Your letting go of the fear and the need to control is so big and so wonderful. You should be proud that you have come to that place! I had a similar realization before I gave birth to my own wee angel boy 7 months ago. My biggest fear about the birth was that the pain would be so bad that I would "lose control." Through readings and great conversations with my doula, I realized that I had to "lose control" in order to do what I had to do--give birth! It was actually liberating to let go of that need to control. And my son's birth was beautiful and the defining moment of my life thus far. Best of luck to you, Matt, and your wee boy, Andrea!

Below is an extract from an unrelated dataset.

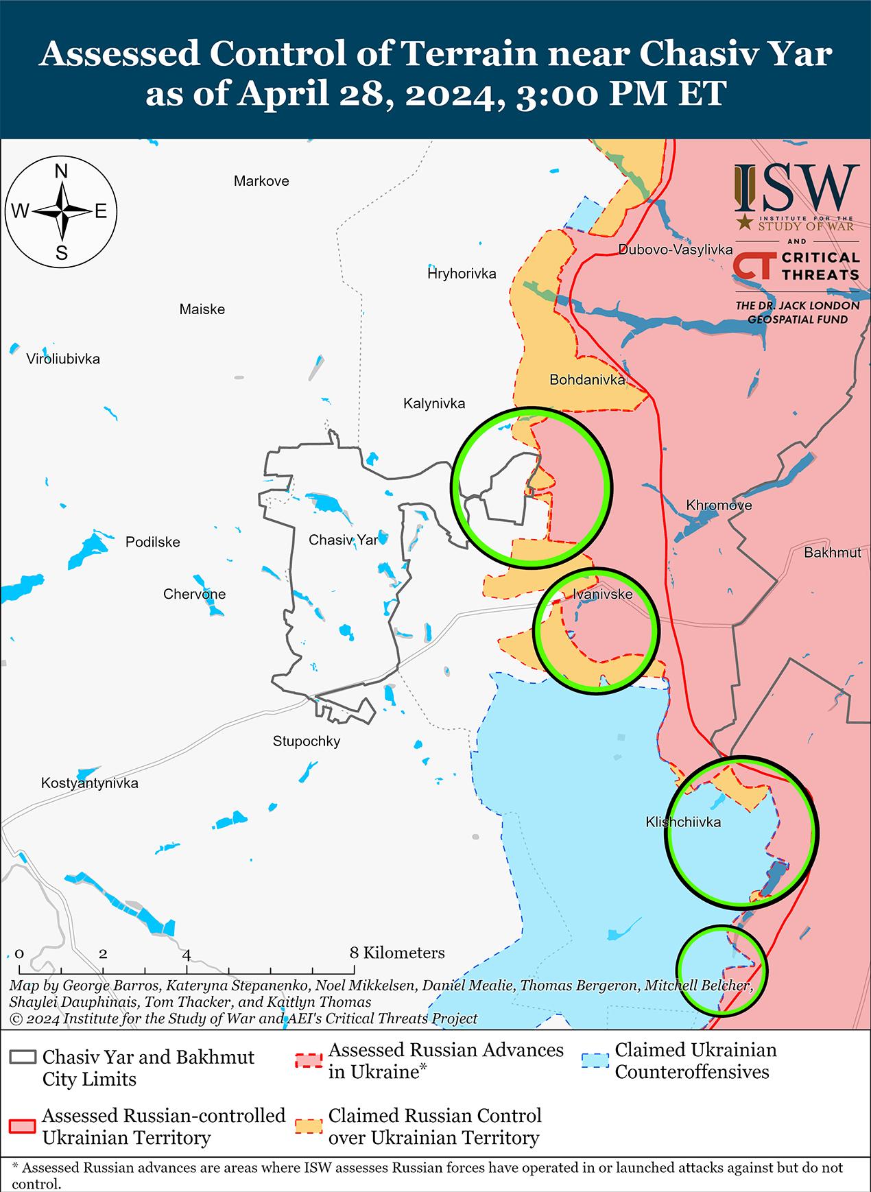 Продолжающаяся стабилизация Россией своего выступа к северо-западу от Авдеевки ставит российское командование перед выбором: продолжать наступление на запад к заявленной оперативной цели в Покровске или попытаться продвинуться на север для проведения возможных дополнительных наступательных операций с российскими усилиями в районе Часового Яра. Украинские официальные лица ранее называли Покровск российской оперативной целью на Авдеевском направлении, и Сырский повторил эту оценку 28 апреля. [11] В качестве альтернативы российские войска могут принять решение о наступлении на север от тактического прорыва в районе Очеретино вдоль трассы Н-20 (Донецк-Константиновка), чтобы оказать давление на украинские силы, обороняющиеся в районе Торецка и, возможно, в оперативном тылу украинской обороны в районе Часового Яра и к западу от него. Российские войска уже давно нацелены на захват четырех крупных городов, образующих крепостной пояс в Донецкой области (Славянск, Краматорск, Дружковка и Константиновка), и Часов Яр имеет важное оперативное значение, поскольку он предоставит российским войскам плацдарм для начала наступательных операций на Дружковку и Константиновку. [12] Российское военное командование может решить, что продвижение на север вдоль трассы Н-20 позволит российским войскам провести последующие взаимодополняющие наступательные операции с востока и юга против южного края украинского крепостного пояса в Донецкой области. Российское тактическое прорыв к северо-западу от Авдеевки находится примерно в 20 км к юго-западу от Торецка, примерно в 18 км к югу от Александро-Калиново (следующий крупный населенный пункт к югу от Константиновки) и примерно в 28 км к югу от Константиновки. Это расстояние заметно не больше, чем расстояние до Покровска, который находится примерно в 30 км к западу от российского выступа к северо-западу от Авдеевки. Продвижение по Н-20 была бы серьезным предприятием и не была бы быстрым. Однако российское командование может принять решение о продолжении наступления на запад в направлении Покровска, поскольку в районе к западу от Авдеевки может быть больше возможностей для тактических успехов, чем к северу, а также из-за озабоченности России выходом на западные границы Донецкой области.

Posted by: Arin at December 4, 2006 10:50 AM

hello friend. there is a little more we can know about ourselves after we have given birth. all of the answers you seek will become known to you when it passes, but there are no words to help you prepare for the adventure that lies ahead of you! weeb will arrive in his own perfect way-however, i admire the team you've assembled and also the commitment you and matt share. THAT is what will make your birthing experience magical and transcendant-something that already exists. oh, i already yearn to hear your stories. as conscious as you are, you are bound to grasp the gold. all my love and birthing pixie dust, p.